[Your task]
Which lines below fall between the one containing "以現(xiàn)今主流的40" and the one containing "เปิดประสบการณ์ใหม่…พักผ่อนสบายๆ 3 คืน"? Repeat them exactly, counting both of those lines, and add nothing else.

[Data to process]
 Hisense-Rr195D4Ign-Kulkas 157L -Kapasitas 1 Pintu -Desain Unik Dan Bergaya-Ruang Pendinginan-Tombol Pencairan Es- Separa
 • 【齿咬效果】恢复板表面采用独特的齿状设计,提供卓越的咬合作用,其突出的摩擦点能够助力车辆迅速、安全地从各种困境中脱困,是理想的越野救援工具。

--

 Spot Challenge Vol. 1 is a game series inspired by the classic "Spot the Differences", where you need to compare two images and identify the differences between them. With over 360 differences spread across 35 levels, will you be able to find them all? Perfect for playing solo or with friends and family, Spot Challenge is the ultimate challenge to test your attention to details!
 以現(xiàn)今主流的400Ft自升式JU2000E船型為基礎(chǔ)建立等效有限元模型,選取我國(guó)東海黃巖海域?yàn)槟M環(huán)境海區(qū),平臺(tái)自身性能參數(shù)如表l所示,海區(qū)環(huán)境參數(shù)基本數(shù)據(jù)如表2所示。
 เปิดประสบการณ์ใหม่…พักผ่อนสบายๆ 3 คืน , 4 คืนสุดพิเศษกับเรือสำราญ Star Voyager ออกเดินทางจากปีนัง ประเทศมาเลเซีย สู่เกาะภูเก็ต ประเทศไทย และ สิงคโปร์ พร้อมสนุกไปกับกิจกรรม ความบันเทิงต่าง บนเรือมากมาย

---

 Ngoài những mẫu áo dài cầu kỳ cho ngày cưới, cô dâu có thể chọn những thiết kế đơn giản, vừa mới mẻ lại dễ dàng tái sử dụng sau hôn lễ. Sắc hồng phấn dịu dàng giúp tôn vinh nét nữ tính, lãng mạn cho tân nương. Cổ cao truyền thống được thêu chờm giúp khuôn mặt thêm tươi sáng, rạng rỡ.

[Answer to this problem]
 以現(xiàn)今主流的400Ft自升式JU2000E船型為基礎(chǔ)建立等效有限元模型,選取我國(guó)東海黃巖海域?yàn)槟M環(huán)境海區(qū),平臺(tái)自身性能參數(shù)如表l所示,海區(qū)環(huán)境參數(shù)基本數(shù)據(jù)如表2所示。
 เปิดประสบการณ์ใหม่…พักผ่อนสบายๆ 3 คืน , 4 คืนสุดพิเศษกับเรือสำราญ Star Voyager ออกเดินทางจากปีนัง ประเทศมาเลเซีย สู่เกาะภูเก็ต ประเทศไทย และ สิงคโปร์ พร้อมสนุกไปกับกิจกรรม ความบันเทิงต่าง บนเรือมากมาย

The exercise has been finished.